We show three quantization scenarios: 1) default, 2) custom with QuantizationSpec (suboptimal), and 3) custom with Custom Q/DQ Insertion Case (optimal).

Default Quantization

Note

Refer to Full Default Quantization mode.

The default quantization of the model is done with the following code snippet:

# Quantize model
q_nn_model = quantize_model(model=nn_model_original)

Figure 1, below, shows the baseline ResNet residual block and its corresponding quantized block with the default quantization scheme.

resnet_base resnet_default

Figure 1. ResNet residual block (left), and default quantized block (right).

Notice that the default quantization behavior is to not add Q/DQ nodes before Add layers. Since AddQuantizeWrapper is already implemented in the toolkit, and just disabled by default, the simplest way to quantize that layer would be to enable quantization of layers of class type Add.

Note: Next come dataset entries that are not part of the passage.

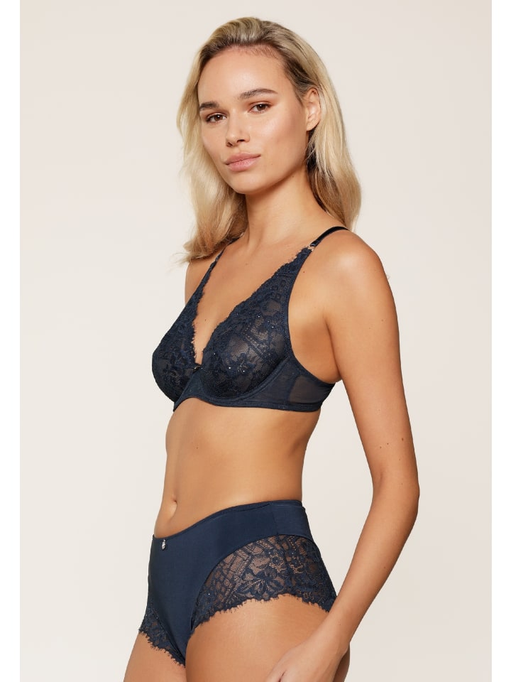 Искрящийся синий! Эти красивые трусики с высокой талией идеально подойдут тем, кто любит трусики с завышенной талией. Перед трусиков непрозрачный, а боковые и задние детали украшены красивой кружевной отделкой, что делает их одновременно стильными и сексуальными. Стильная подвеска спереди и мелкие блестки на кружевной ткани делают трусики особенно элегантными.
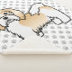Destei's original cartoon illustration of a cute fawn and white coat colour Bichon Havanais / Havanese breed dog. The background has a pattern of grey dog paw prints.
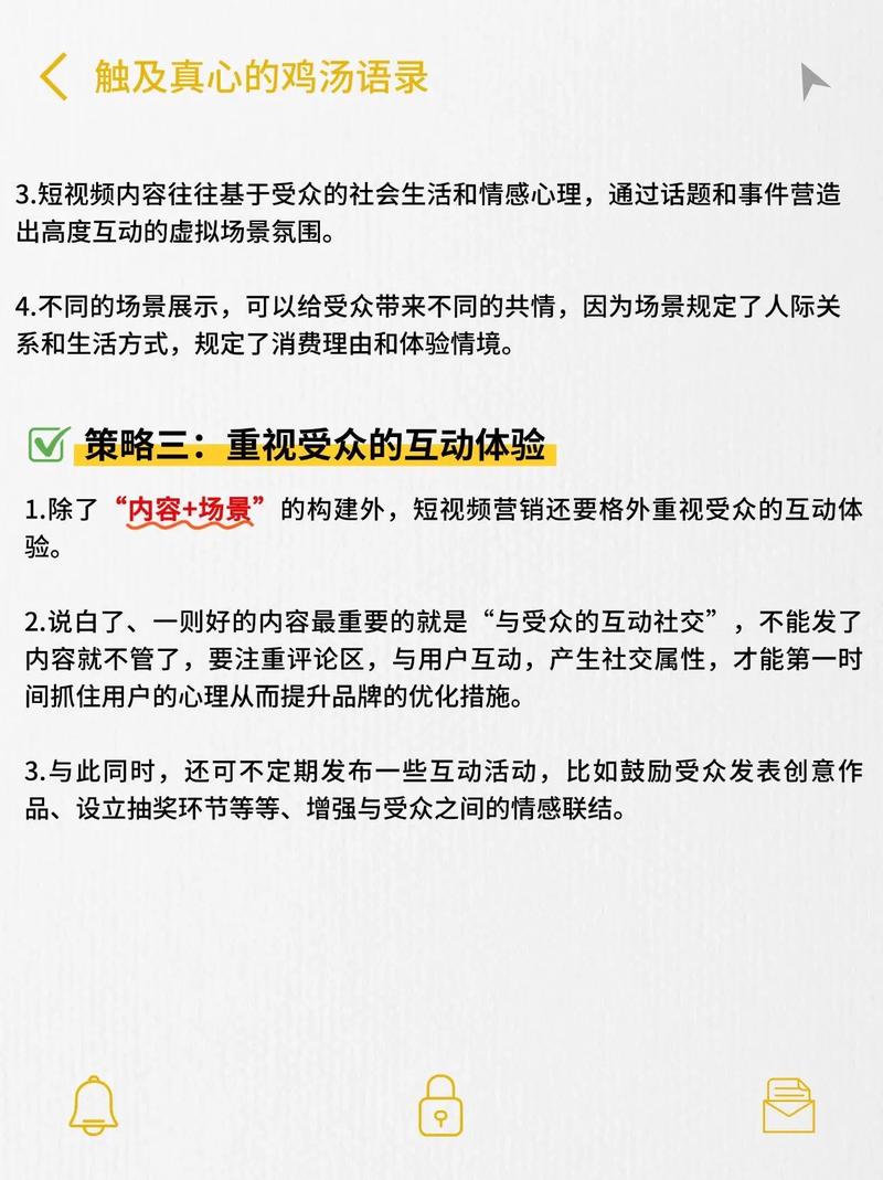 营销的核心在于突出用户的需求和痛点,通过精心设计的内容,可以快速吸引用户的注意力,从而提高观看量和转化率,如果视频能够解决用户的一个具体问题,用户可能会自发地观看并进行互动。
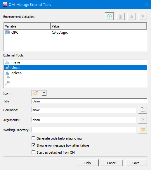 The Manage Tools dialog box allows you to configure up to 5 different external tools that can then be launched directly from QM™ with the keyboard shortcuts through . Examples of external tools include make to perform a software build, lint to statically check your code, your own unit tests that run on the host computer, or a command-line tool to download the code to the embedded target, directly from QM with just one key press. The output generated by the external tool will appear in the QM's Log Console.
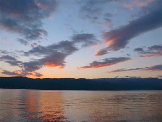 這里是云南永勝美麗的程海湖,清晨,東方漸白。山野和村莊漸漸清晰,云層慢慢亮開,由白色一點(diǎn)點(diǎn)暈染成橘色。
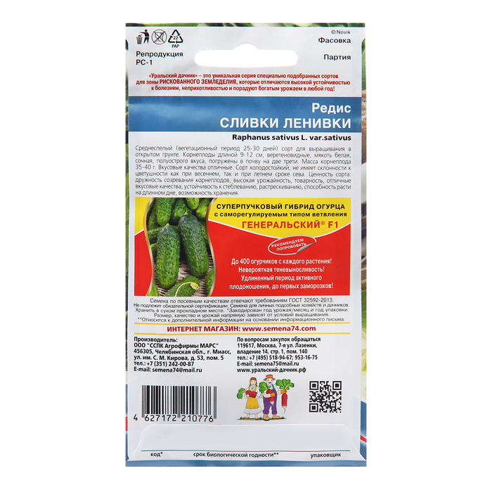 Семена Редис "Сливки ленивки", 2 г
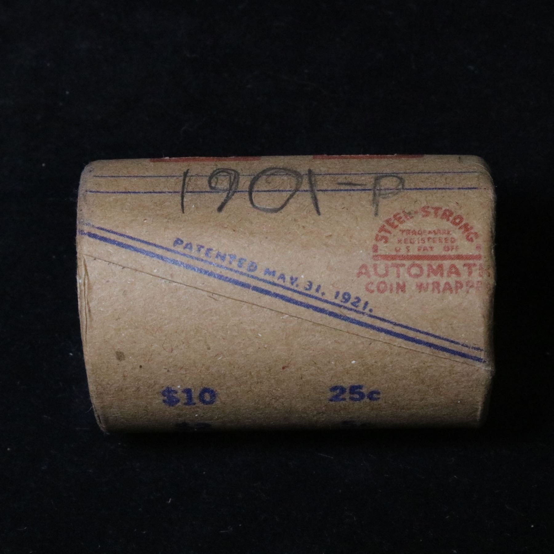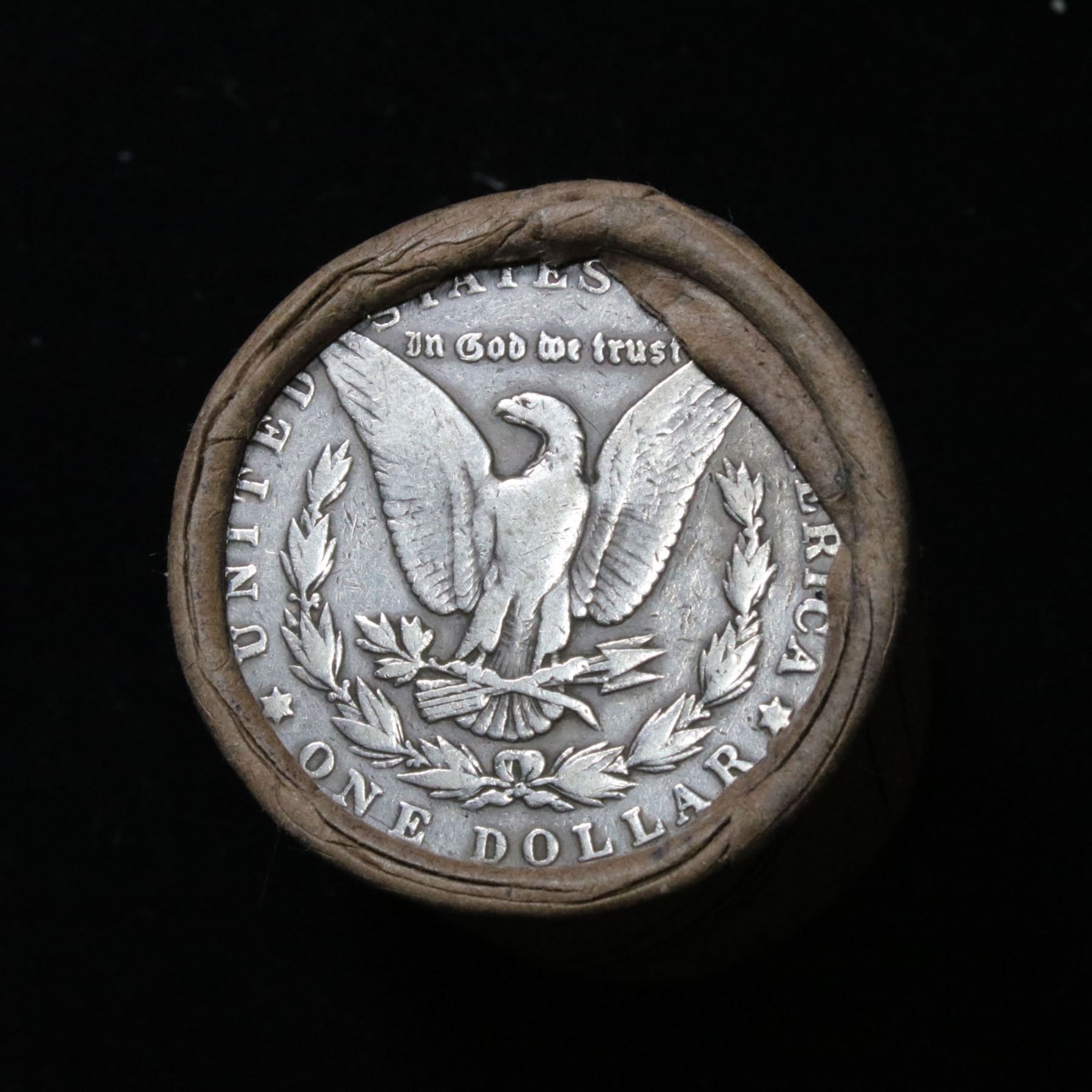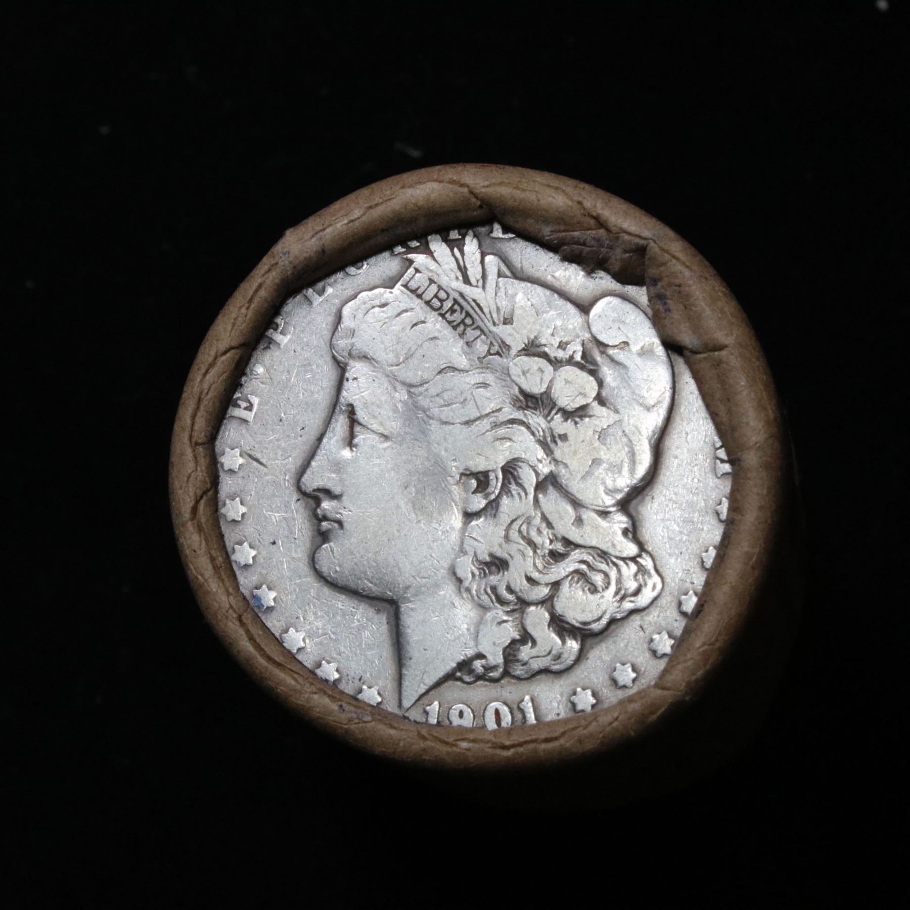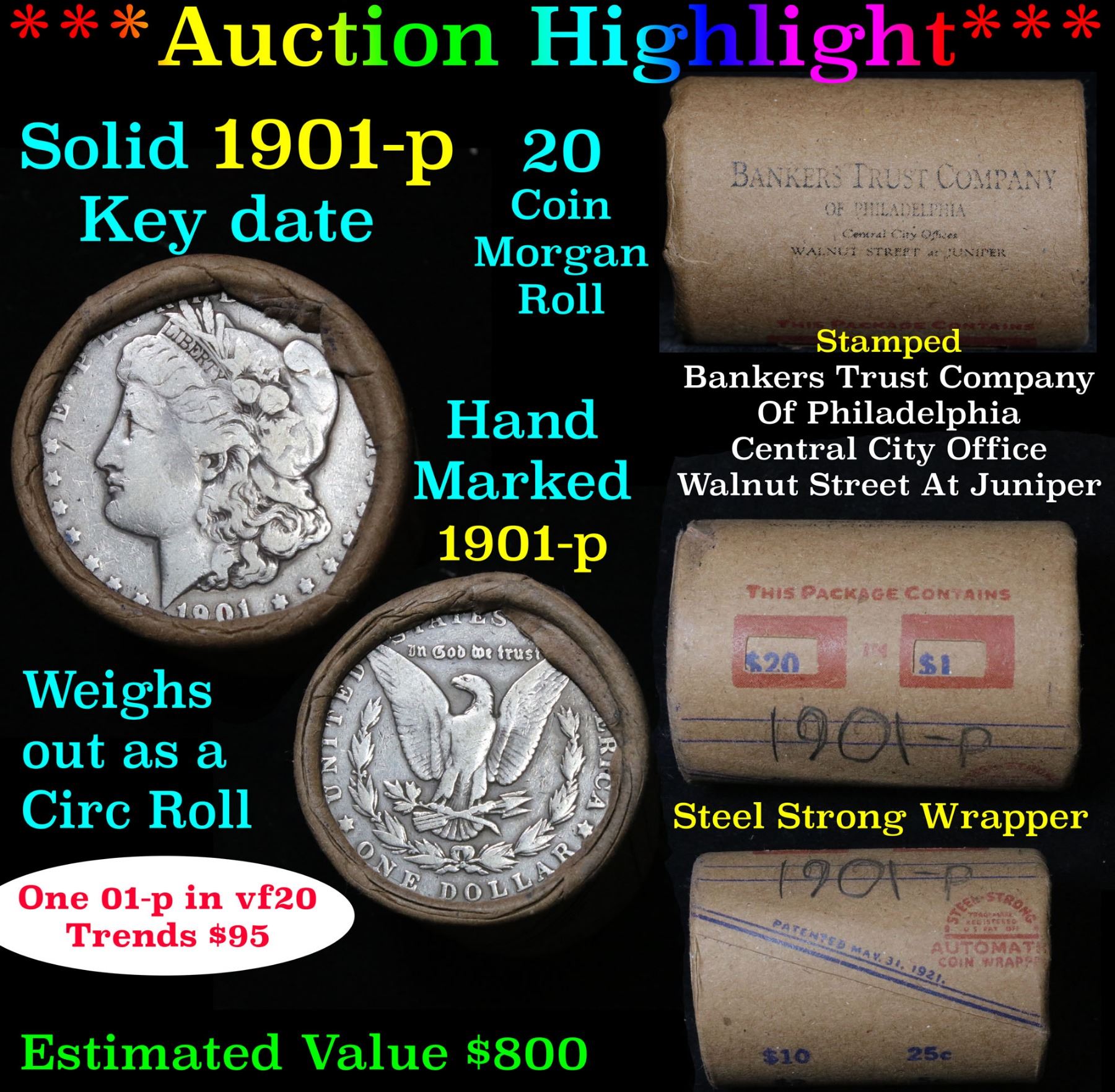 ***Auction Highlight*** Full solid date 1901-p Morgan silver dollar roll, 20 coins . 0 0 This roll is held in an old Steel strong wrapper, patented 1921, stamped "Bankers Trust Company of PhiladelphiaÓ, Walnut Street at Juniper. This roll contains 20, 1901-p Morgan silver Dollars. The coins may range from circulated to uncirculated. Any condition is possible. We have weighed the roll and can assure you that it is 20 Silver Dollars, that all 20 are 1901-p and that it is not an uncirculated roll as the weight comes in slightly under the 534.60 grams that a fully uncirculated roll would weigh. We recently Acquired a large Estate Hoard of solid date Rolls. Trends lists au50 at $250, xf40 at $115, vf20 at $95, f12 at $57, vg8 at $50, g4 at $42.

Custom Quantization with ‘QuantizationSpec’ (suboptimal)

Note

Refer to Full Custom Quantization mode.

The following code snippet enables quantization of all layers of class type Add:

# 1. Enable `Add` layer quantization
qspec = QuantizationSpec()
qspec.add(name='Add', is_keras_class=True)

# 2. Quantize model
q_nn_model = quantize_model(
    model=nn_model_original, quantization_spec=qspec
)

Figure 2, below, shows the standard ResNet residual block and its corresponding quantized block with the suggested custom quantization.

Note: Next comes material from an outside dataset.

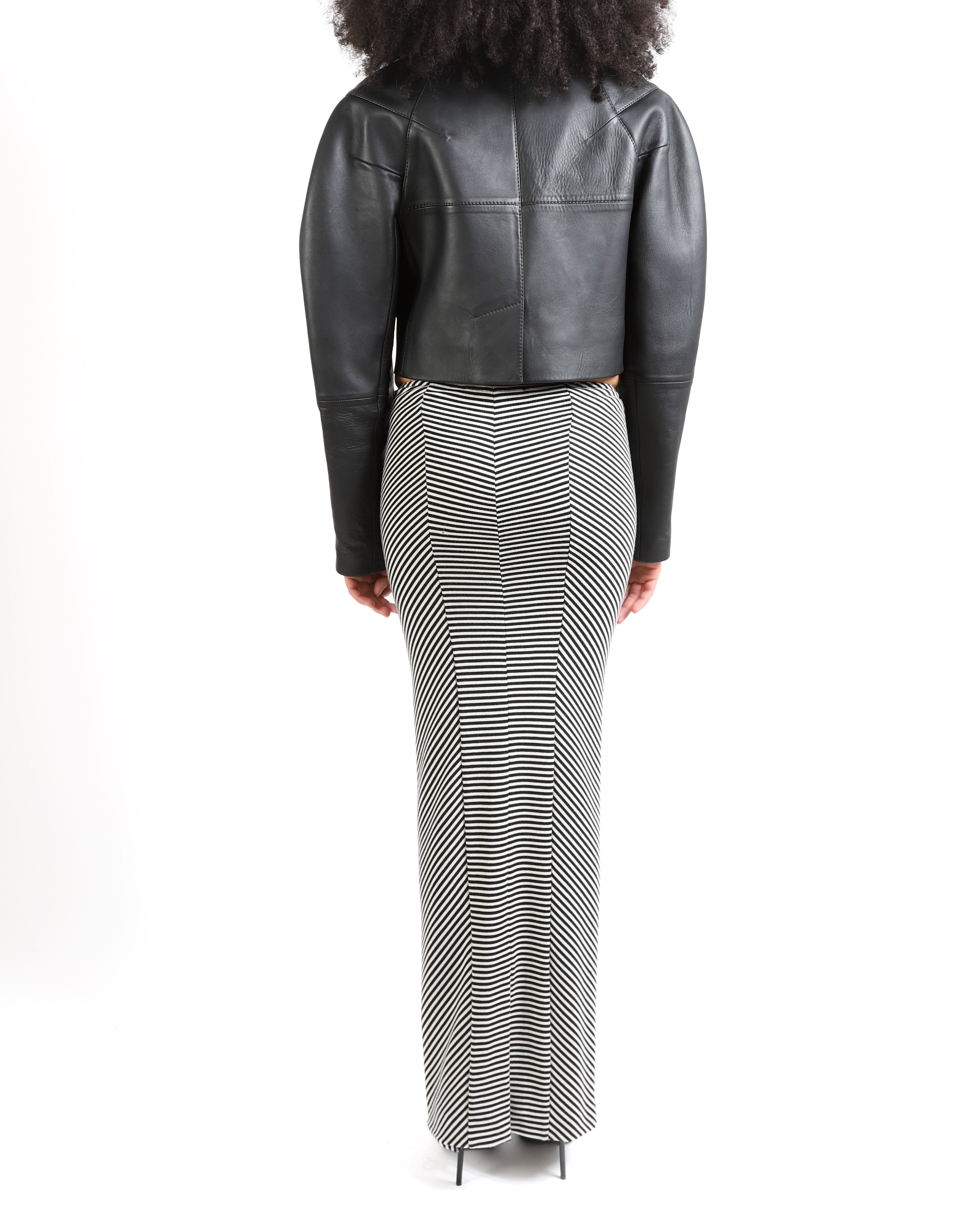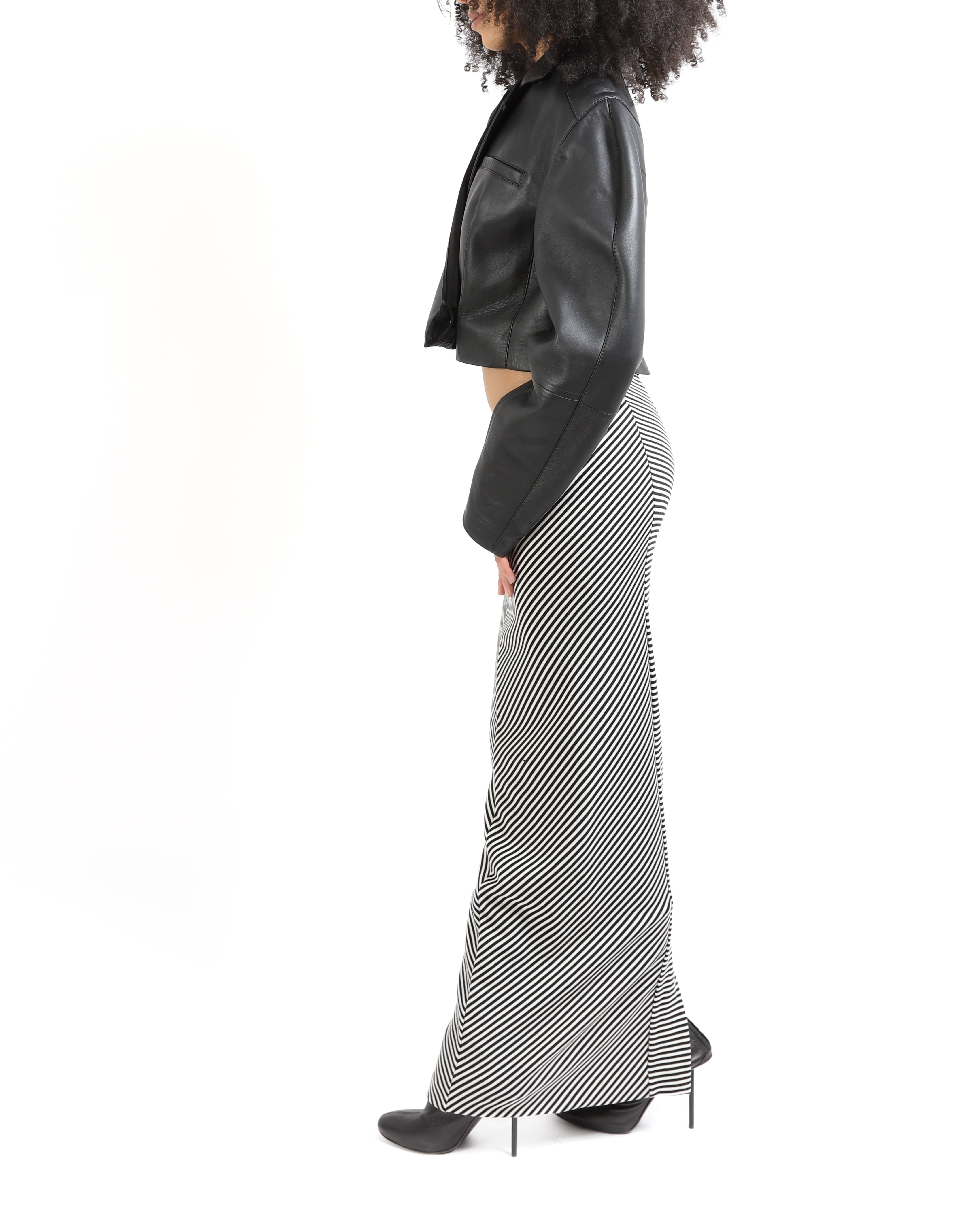 FW19 Low waisted Long Skirt in Black and White Striped Cotton

resnet_base resnet_default

Figure 2. ResNet residual block (left), and Q/DQ node insertion for Add layer passed via QuantizationSpec (right).

Notice that all inputs of the Add layer were quantized. However, that still does not enable optimal layer fusions in TensorRT™, where a Convolution layer followed by an ElementWise layer (such as Add) can be fused into a single Convolution kernel. The recommendation, in this case, is to add Q/DQ nodes in the residual connection only (not between Add and Conv).

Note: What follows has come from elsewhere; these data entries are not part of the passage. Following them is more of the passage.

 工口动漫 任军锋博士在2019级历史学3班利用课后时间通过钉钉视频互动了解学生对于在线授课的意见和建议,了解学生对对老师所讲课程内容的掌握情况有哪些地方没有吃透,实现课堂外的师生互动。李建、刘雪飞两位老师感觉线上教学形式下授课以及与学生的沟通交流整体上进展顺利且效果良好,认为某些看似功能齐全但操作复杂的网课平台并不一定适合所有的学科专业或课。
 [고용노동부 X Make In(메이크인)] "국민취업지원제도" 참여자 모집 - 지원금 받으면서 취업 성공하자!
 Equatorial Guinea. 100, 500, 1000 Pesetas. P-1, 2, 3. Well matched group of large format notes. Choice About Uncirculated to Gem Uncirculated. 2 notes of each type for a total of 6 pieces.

Custom Quantization with ‘Custom Q/DQ Insertion Case’ (optimal)

Note

Refer to Full Custom Quantization mode.

The library-provided ResNetV1QDQCase class solves this issue by programming Add layer class to skip Q/DQ in one path if that path connects to Conv. This time, we pass an object of ResNetV1QDQCase class to the quantize_model function:

# 1. Indicate one or more custom QDQ cases 
custom_qdq_case = ResNetV1QDQCase()

# 3. Quantize model
q_nn_model = quantize_model(
    model=nn_model_original, custom_qdq_cases=[custom_qdq_case]
)

Figure 3, below, shows the standard ResNet residual block and its corresponding quantized block with the suggested custom quantization.

resnet_base resnet_special

Figure 3. ResNet residual block (left), and Q/DQ node insertion for Add layer passed via ResNetV1QDQCase (right).

Notice that Q/DQ nodes are not added to the path coming from Conv layer. Additionally, since both outputs of the first Relu layer were quantized, it was possible to perform a horizontal fusion with them, resulting in only one pair of Q/DQ nodes at that location. This quantization approach leads to an optimal graph for TensorRT INT8 fusions.

Library provided custom Q/DQ insertion cases

We provide custom Q/DQ insertion cases for the models available in the model zoo. The library-provided custom Q/DQ insertion case classes can be imported from tensorflow_quantization.custom_qdq_cases module and passed to the quantize_model function.

Note

Refer to tensorflow_quantization.custom_qdq_cases module for more details.

How to add a new custom Q/DQ insertion case?

  1. Create a new class by inheriting tensorflow_quantization.CustomQDQInsertionCase class.

  2. Override two methods:

    1. case (compulsory)

    This method has fixed signature as shown below. Library automatically calls case method of all members of custom_qdq_cases parameter inside quantize_model function. Logic for changing the default layer behavior should be encoded in this function and an object of QuantizationSpec class must be returned.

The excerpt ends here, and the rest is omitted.